Hansen’s Disease is Still With U.S.
Hansen’s Disease is Still With U.S.
abstract & commentary
Synopsis: Hansen’s disease continues to be transmitted at an unabated rate along the Gulf coast of Texas.
Source: Taylor JP, et al. A continuing focus of Hansen’s disease in Texas. Am J Trop Med Hyg 1999;60:449-452.
Taylor and colleagues at the texas department of Health reviewed all 810 cases of Hansen’s disease reported to them for the years 1973 through 1997. During this time, the average number of cases reported annually ranged from 18-54, with 26-42 cases reported annually during the most recent period of 1993 through 1997. The average annual incidence rates ranged from 1.9-2.4 cases per million population. The areas of highest incidence were clustered along the Gulf coast, with one county (Goliad) having an average annual incidence rate of 96.1 cases per million. Seventy-seven percent of patients were white (51% Hispanic), 19% Asian, and 3.0% were African-American; 63% were male. Relative to the general population of the state, Asians and Hispanics were overrepresented among the cases and African-Americans were underrepresented.
The median age at onset of disease was 44 years (range, 2-87 years). Fifty-three percent were born in the United States, with two-thirds of those born in Texas. Approximately one-fourth each were born in Mexico and other countries—most commonly Vietnam, India, Phillipines, and Cambodia. Of the 56% who experienced the onset of their disease after arrival in the United States, 23% did not become ill until 10 years or more after migration. The diagnosis was made within one year of onset of illness in 56%. Three-fourths had multibacillary disease; loss of sensation was noted at diagnosis in 46% and deformity in 10%. A potential human source of infection was identified for 23%.

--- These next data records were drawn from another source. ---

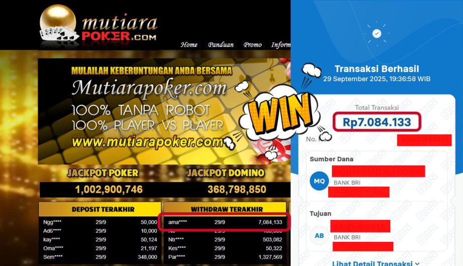 Bukti Withdraw ( 7,084,133,- ) Member Setia MutiaraPoker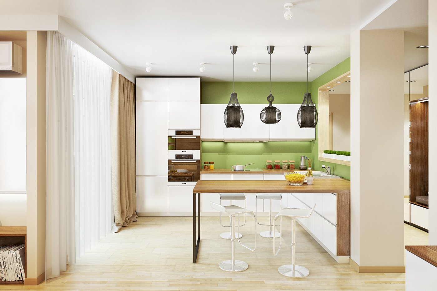Барная стойка разделяющая кухню и гостинную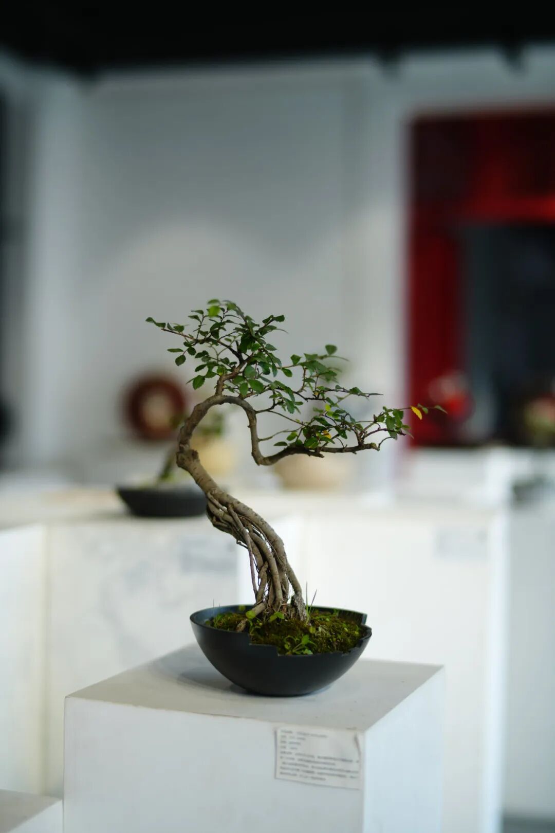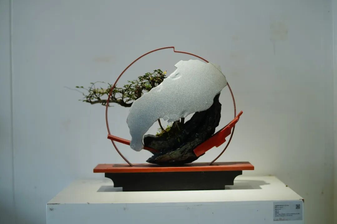 “这件作品的创意源自白居易笔下‘犹抱琵琶半遮面’的诗句,是东方意象表达与写意雕塑的巧妙结合,将传统东方文化的哲学性碰撞与融合展现得淋漓尽致。盆景正面树枝旁逸斜出,尽显含蓄之美,背面的枝干则从老桩间探出头来,洋溢着蓬勃生机,枝叶疏密有致,在虚实之间漾开东方美学的涟漪,让人沉醉其中。”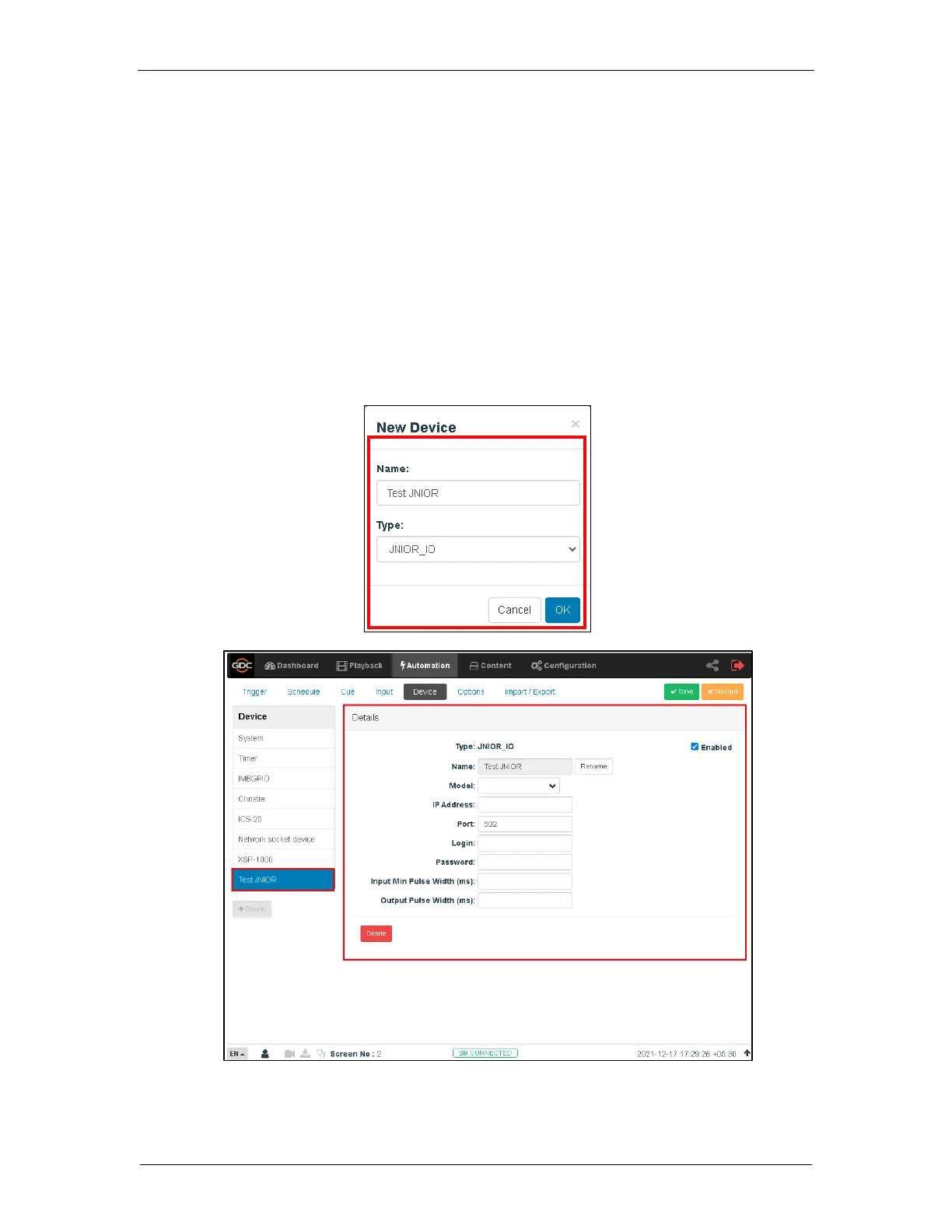 3. Select JNIOR_IO as the device type. Enter the name of the JNIOR device, and click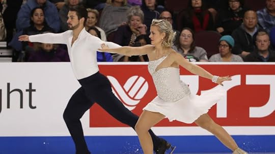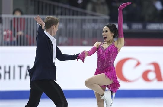 Kirsten Moore-Towers and Michael Marinaro Canada Short Program to Love On the Brain (Los Feliz Blvd) feat. Bishop Briggs--I liked these pretty costumes worn by Kirsten and Michael. The striped sequin detail on her dress was nice and "jazzy"--she looked sleek and chic. I also liked the sheer/solid panels which mirrored her sequined "stripes" which was a nice way of pairing them together--costume-wise.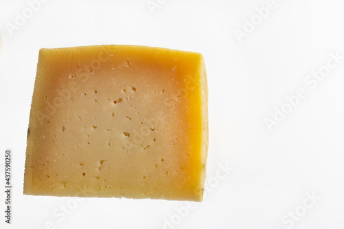 portion of cured manchego cheese on white background. Horizontal shot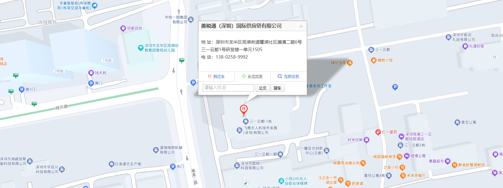 深圳市龙华区观湖街道鹭湖社区澜清二路6号三一云都1号研发楼一单元1505

Comment by Stan Deresinski, MD
I once went to a Willie Nelson/Jerry Jeff Walker concert at Stanford. The sight of thousands of people in Palo Alto wearing cowboy boots and hats and waving stuffed armadillos was entrancingly bizarre. But this report has caused the intrusion of this memory into my consciousness. More than two decades ago, 4.7% of armadillos caught in the Gulf coast area were found to be leprous.1 The same year, leprosy was reported in Texas armadillo handlers and is also believed to occur in the adjacent state of Louisiana.2,3 However, while transmission from armadillos remains a possibility in some cases, this source cannot account for more than a tiny fraction of cases. Although leprosy has been assumed to be the result of person-to-person contact, the mechanism of transmission remains uncertain. The transmission by inhalation of organism from environmental sources remains a theoretical possibility.
There were 3.7 million registered cases of Hansen’s disease in the world in 1990, with a planetary prevalence of 7.10 cases per 10,000 population.4 In 1998, the regions with the highest detection rates of new cases of Hansen’s disease were some Pacific islands, southeastern and western Africa, and southeast Asia.5 Sixteen countries accounted for 92% of registered cases: Bangladesh, Brazil, Cambodia, the Democratic Republic of Congo, Ethiopia, Guinea, India, Indonesia, Madagascar, Mozambique, Myanmar, Nepal, Niger, Nigeria, Phillipines, and Sudan.6
Taylor et al point out that the incidence of Hansen’s disease in Texas has not changed significantly over the last six decades, although the proportion of cases born outside either the United States or Mexico has increased to 23.1% from less than 1.0%. In contrast to other states, such as Hawaii and Florida, the number of indigenous cases has not decreased in Texas, which now reports more than 60% of the indigenous cases in the United States, but only 25% of the total cases.7 The annual number of reports of Hansen’s disease in the years 1991 through 1995 ranged from 136-187.8
It is ironic that there has been no significant decrease in the number of autochthonously acquired Hansen’s disease cases in Texas over the decades at the same time that the number of cases worldwide is decreasing in response to the eradication activities of the World Health Organization. This plan is based primarily upon enhanced case finding and administration of appropriate therapy.6 Maybe they can try it in Texas.
References
1. Smith JH, et al. Reticuloendothel Soc 1983;34:75-88.
2. Lumpkin LR, et al. J Am Acad Dermatol 1983;9: 899-903.
3. Meyers WM, et al. Int J Lepr Other Mycobact Dis 1992;60(3):477-480.
4. Noorden SK. The epidemiology of leprosy. In: Hastings R, ed. Leprosy. 2nd ed. Edinburgh: Churchill Livingstone; 1994:29-45.
5. Weekly Epidemiological Record 1998;73:185-192. (Available on-line at http://www.who.int/wer)
6. Weekly Epidemiological Record 1998;73:177-184. (Available on-line at http://www.who.int/wer)
7. Mastro TD, et al. Am J Public Health 1992;82: 1127-1130.
8. Centers for Disease Control and Prevention, 1995. MMWR Morb Mortal Wkly Rep 1995;44:73.